Mitter explains that a brand needs to segment its mobile strategy in three ways – content, engagement and advertising. He said, “Brands must note that the use cases for mobile browsing and desktop browsing are very different. Engagement strategy could involve mobile apps, games or branded content like Music, videos etc. In all of this one should keep in mind the limited size of mobile screens and disk capacity while creating user experiences optimal for a mobile user. Mobile advertising is also a key area especially for brands that need leads/actions for its products or services.”
Building a mobile presence is the first thing says Kumar. He explains, “The first part is about building a mobile presence for the brand itself. So brands need to build a specific mobile site or mobile applications for themselves. The second is around mobile promotions, which means leveraging the power of the connectivity and the targetting that the medium offers for advertising. Brands need to identify the content types which their target audience is consuming and ensure that their adverts are delivered within that content, rather than through spam SMSes.”
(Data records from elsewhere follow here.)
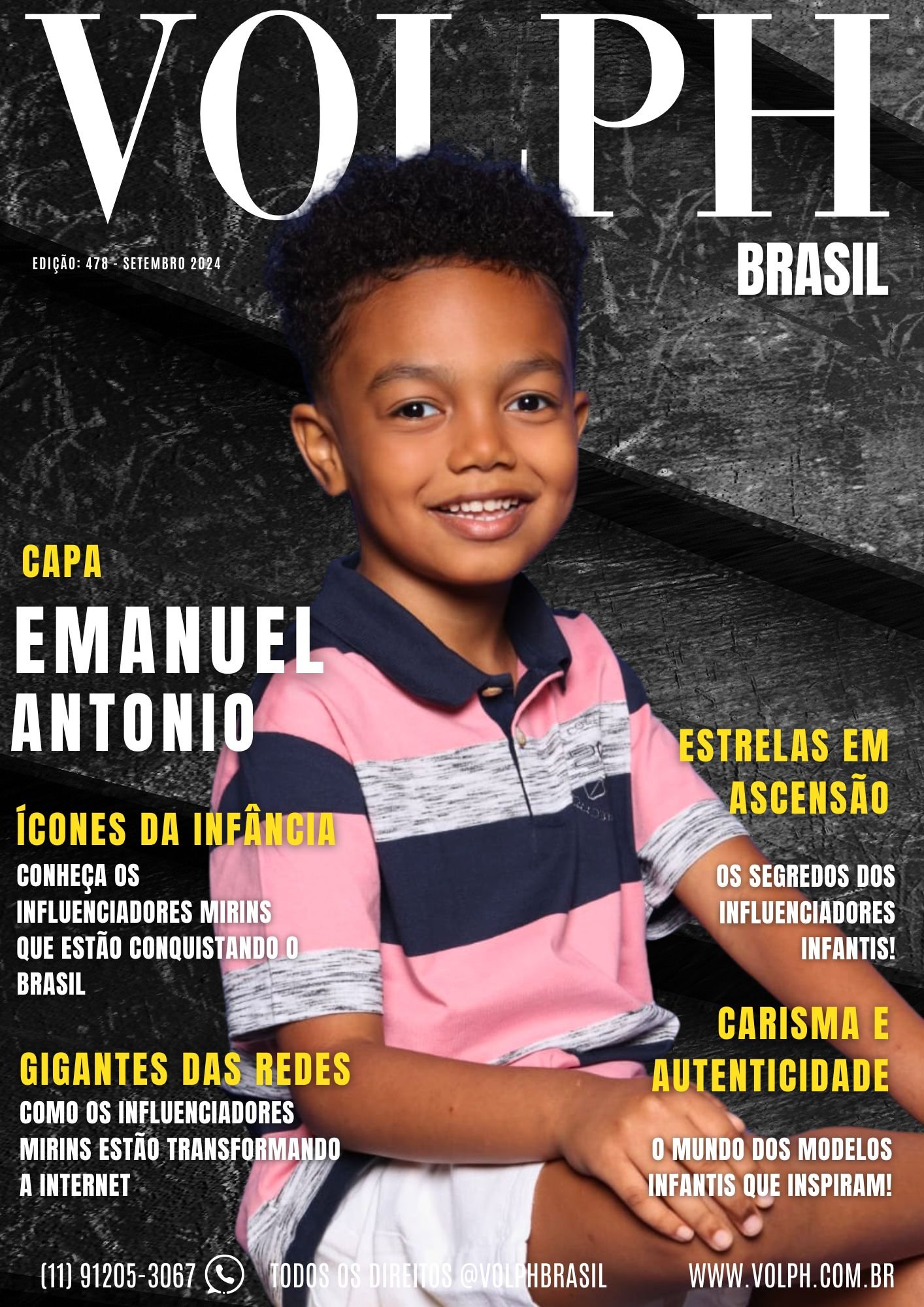 Com talento, carisma e o apoio de sua família, Emanuel está trilhando um caminho de sucesso no universo da moda e publicidade infantil. A Revista Volph Brasil se orgulha em registrar o início de sua jornada e acompanhar de perto o crescimento desse jovem que, com certeza, continuará brilhando nas passarelas e nas redes sociais.
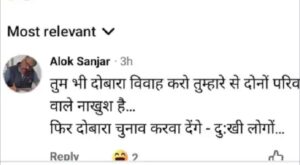 पूर्व सांसद आलोक संजर के रॉबर्ट वाड्रा की पोस्ट पर कमेंट के वाद। विवाद खड़ा हो गया है उन्होंने सोशल मीडिया कमेंट में कहा की तुम भी दोबारा विवाह करो, दोनों परिवार वाले नाखुश हैं। फिर दोबारा चुनाव करवा देंगे-दुखी लोगों..
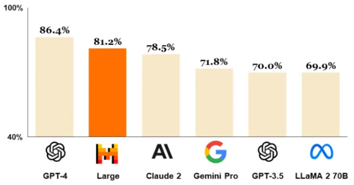 基準測試排名:在 MMLU 基準測試中,Mistral Large 獲得 81.2% 的分數,僅次於 GPT-4,位居第二。
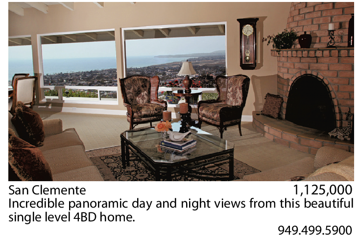 San Clemente 1,125,000 Incredible panoramic day and night views from this beautiful single level 4BD home.
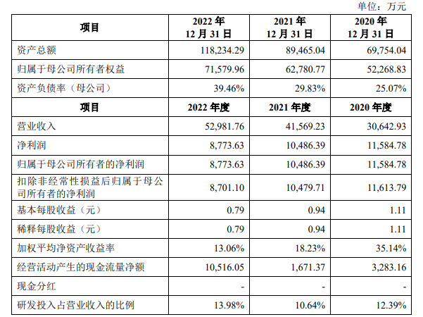 公司是一家从事疫苗产品研发、生产及销售的高新技术企业;公司冻干人用狂犬病疫苗(Vero细胞)已进入全国大部分省、自治区及直辖市的疫苗采购目录,是国内狂犬病疫苗的主要供应商之一。2020年、2021年及2022年公司分别实现营业收入3.06亿元、4.16亿元、5.3亿元;分别实现归母净利润1.16亿元、1.05亿元、8773.63万元。
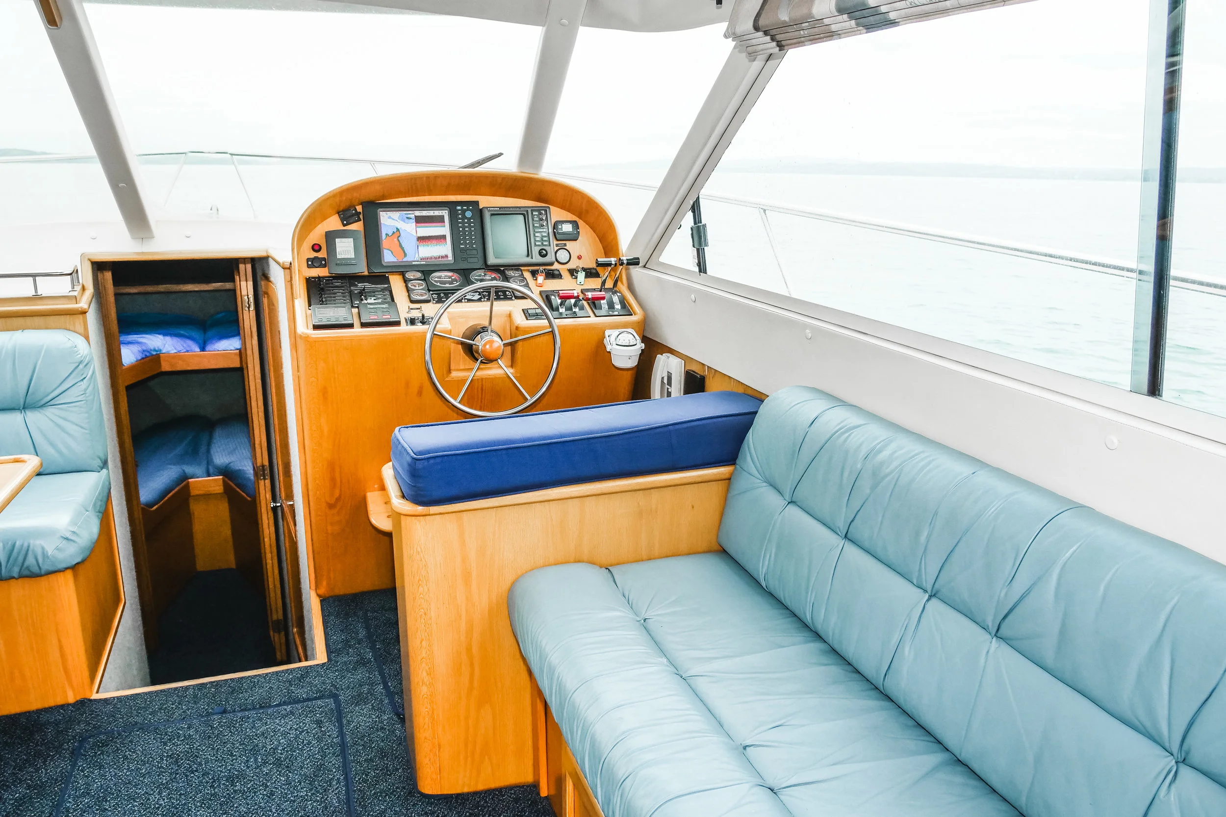 A very well renowned launch amongst the bays the Oliver 4000 has a lot to offer with bedding for six plus and the popular aft galley layout. She is a very efficient vessel with the twin Cummins 210HP and planes beautifully nice and flat along the water. We have sold many of the Oliver’s over the years and they all come with rave reviews from their past and present owners.
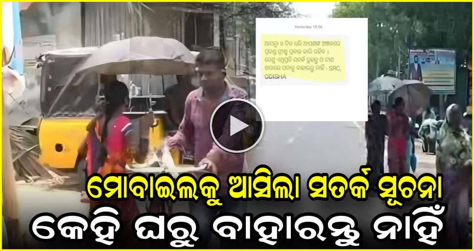 ମୋବାଇଲ୍ ରୁ ମୋବାଇଲ୍ ଏହି ମେସେଜ ଏବେ ସମସ୍ତଙ୍କ ମୋବାଇଲକୁ ଆସିଛି । ଜନ ସାଧାରଣଙ୍କୁ ଏହି ମେସେଜ ମାଧ୍ୟମରେ ସତର୍କ କରାଯାଇଛି । ଆସନ୍ତା ୪ ଦିନ ପାଇଁ ପାଗ ଏଭଳି ରହିବ । ଆଉ ଖରାରେ ଲୋକମାନେ ଘରୁ ନ ବାହାରିବା ପାଇଁ କୁହାଯାଇଛି ।
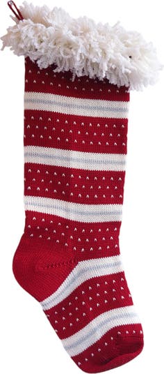 This stocking features a classic red and ivory striped design, beautifully accented with small ivory stitch details that resemble tiny snowflakes. The standout feature is the plush, fluffy ivory cuff, reminiscent of Santa’s coat cuffs, adding a luxurious and whimsical flair to the stocking. Perfect for hanging by the fireplace, this stocking is as functional as it is decorative, offering plenty of room for treats, small gifts, and holiday surprises. The durable cotton weave ensures that this stocking will become a cherished part of your holiday traditions for years to come.
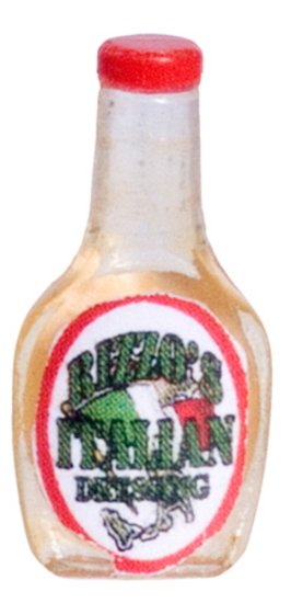 This miniature dollhouse accessory resin italian salad dressing bottle is perfect for topping your dollhouse salad done in 1:12 scale. Size: 0.75"H x 0.375"W x 0.125"D.
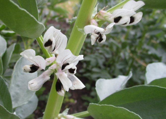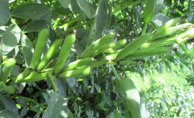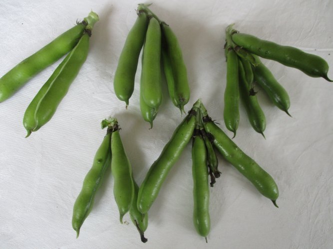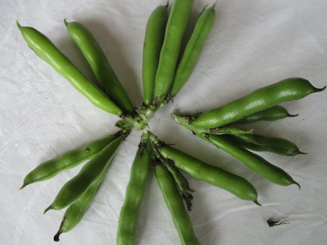 Die "Saubohne aus Libanon" hat eine Bohnenfreundin im türkischen Laden in Oldenburg gekauft und uns davon eine Portion Saatgut überlassen. In 2020 haben wir einen Grundbestand an Saatgut gewonnen, und daraus haben wir auf unserem Gemeinschaftsacker in diesem Jahr 2 Reihen für die Küche angebaut: Wir sind begeistert! Der Pflanztermin war Mitte Februar, und für die Küche hätten wir ab Ende Juni ernten können. Heute am 2.7.21 haben wir gepflückt, und viele 3triebige Fruchtstände, aber auch einige 5triebige gefunden. Überwiegend waren 4 Körner in einer Hülse.

Apps are one of the most important channels to connect the brands with consumers. Sanjeevi said, “Mobile apps can associate brands with mass market phenomenon and provide an opportunity to not just spread awareness but also engagement.”
Venke Sharma, Director, Arc Worldwide, said, “Mobile is the most personal medium and it provides infinite opportunities from mobile apps to SMS to mobile site or mobile search. What is important for brands to remember for mobile is to get their mobile search right – as the behaviour of a consumer searching on mobile is different from a computer's. A consumer would be looking for actionability in search – like a contact number or address, directions and maps. To get their search right, the brands need to get their mobile site right too.”
Search is used on mobile exponentially with Google the being the major search engine. Sharma added, “Brands usually do not have a mobile specific experience on their website. The mobile site for brands needs to cater across different mobile handsets and operating systems. So brands need to think about what all should their mobile sites include.”
Another use of mobile internet is for social networking. 73 percent of mobile internet users access social networks on their smartphone every day. Sharma said, “It is important for brands adapt their social media for a mobile experience too. Most apps created by brands for their social media pages, will not even open on the mobile sites. So the brands need to ensure that it is mobile friendly.”
As Trehan gives out a message for the brands to remember, “Use it with a plan, not just carpet-bomb. Don’t piss-off the consumers by spamming them. As far as possible, co-opt them. Engage with them. Use viral to your advantage. Be innovative. Be creative. Most importantly, customize content for the smaller screen.”